Grant number: 14/50306-1
Support type:Program for Research on Bioenergy (BIOEN) - Regular Program Grants
Duration: August 01, 2014 - July 31, 2016
Field of knowledge:Biological Sciences - Biochemistry - Molecular Biology
Cooperation agreement: University of Cambridge
Principal researcher:Carlos Takeshi Hotta
Grantee:Carlos Takeshi Hotta
Principal researcher abroad: Alexander A. R. Webb
Institution abroad: University of Cambridge, England
Home Institution: Instituto de Química (IQ). Universidade de São Paulo (USP). São Paulo , SP, Brazil
Associated research grant:11/00818-8 - Development of alternative biological models for the study of sugarcane regulatory networks, AP.BIOEN.JP


The circadian clock is a signalling pathway that encodes temporal information.
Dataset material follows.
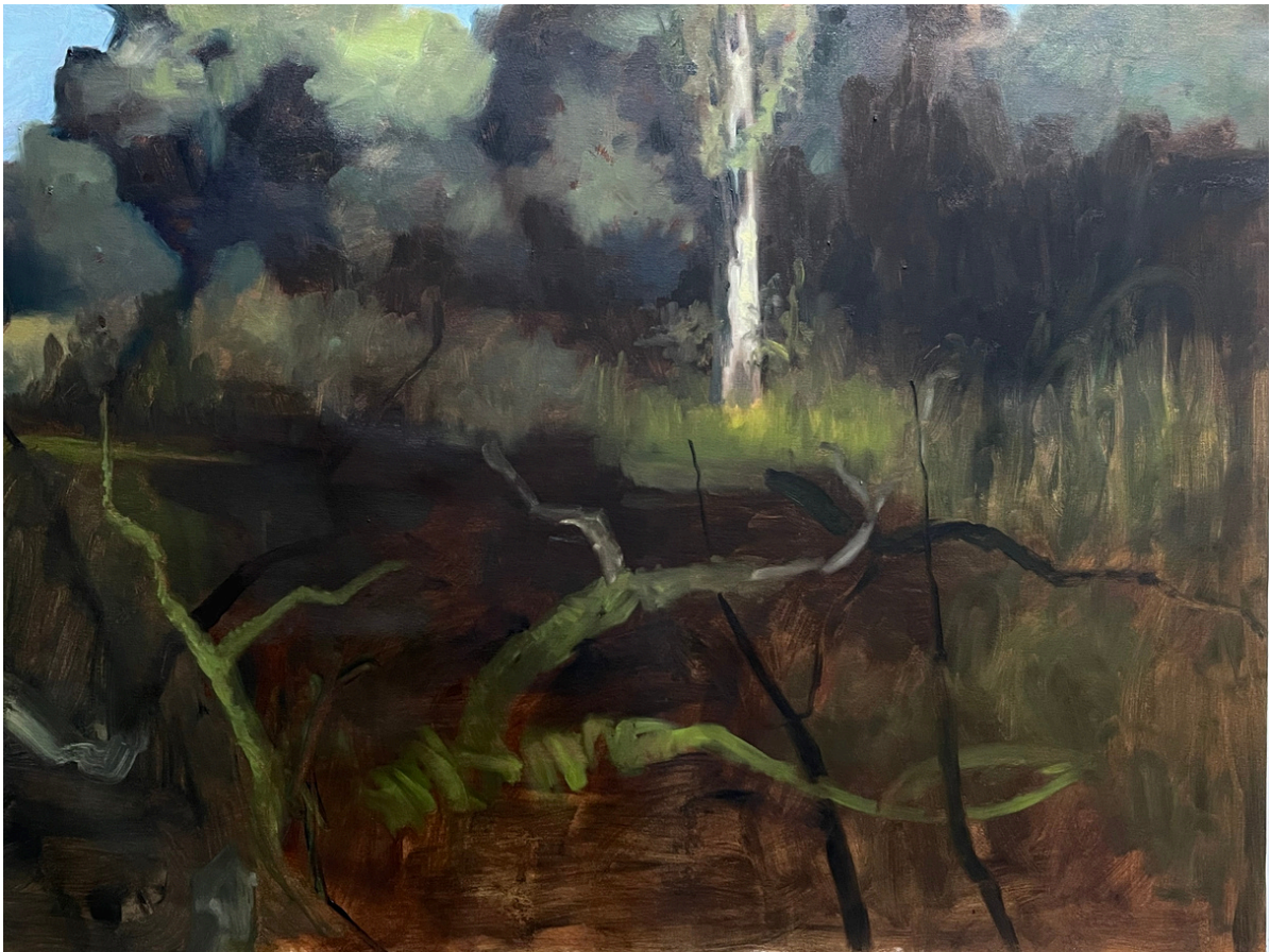
Oil on canvas, 91.4 x 123 cm, 2024

This pathway allows the metabolism and physiology of plants to be synchronized to rhythmic environmental changes, which increases biomass accumulation. Recently, a new pathway in the circadian clock in which photosynthetically-derived sugars regulate the clock through a "metabolic-dawn" has been described. In addition to the daily regulation of the circadian clock by photosynthetically-derived sugars, it has previously described longer-term sugar-dependent regulation of the circadian clock mediated through AtGI (GIGANTEA). The aim of this project is to establish an UK-Brazil consortium dedicated to transfer the knowledge about metabolic regulation of the circadian system from the model plant Arabidopsis to grasses, in particular sugarcane and the model grasses Brachypodium distachyon and Setaria italica. Sugarcane has a robust circadian clock that controls a large proportion of its transcripts, larger than any other plant studied. However, most of what is known about circadian clock has been studied in Arabidopsis. Commercial sugarcane can store very large amounts of sucrose in its shoots. Stored sucrose down regulates photosynthetic activity, limiting suqarcanes ability to accumulate biomass. However, it is unknown if sucrose can regulate the circadian clock of sugarcane or other grasses. Since the orthologues of the Arabidopsis genes required for circadian sugar signalling are present in the grasses, we consider it urgent to assess how sugars and the circadian clock interact in these systems. The nature of the circadian and sugar signalling in grasses, and how they interact, may provide information about how to improve productivity in this group, which includes many other important crops such as wheat, barley, rice, maize, sorghum and sugarcane. (AU)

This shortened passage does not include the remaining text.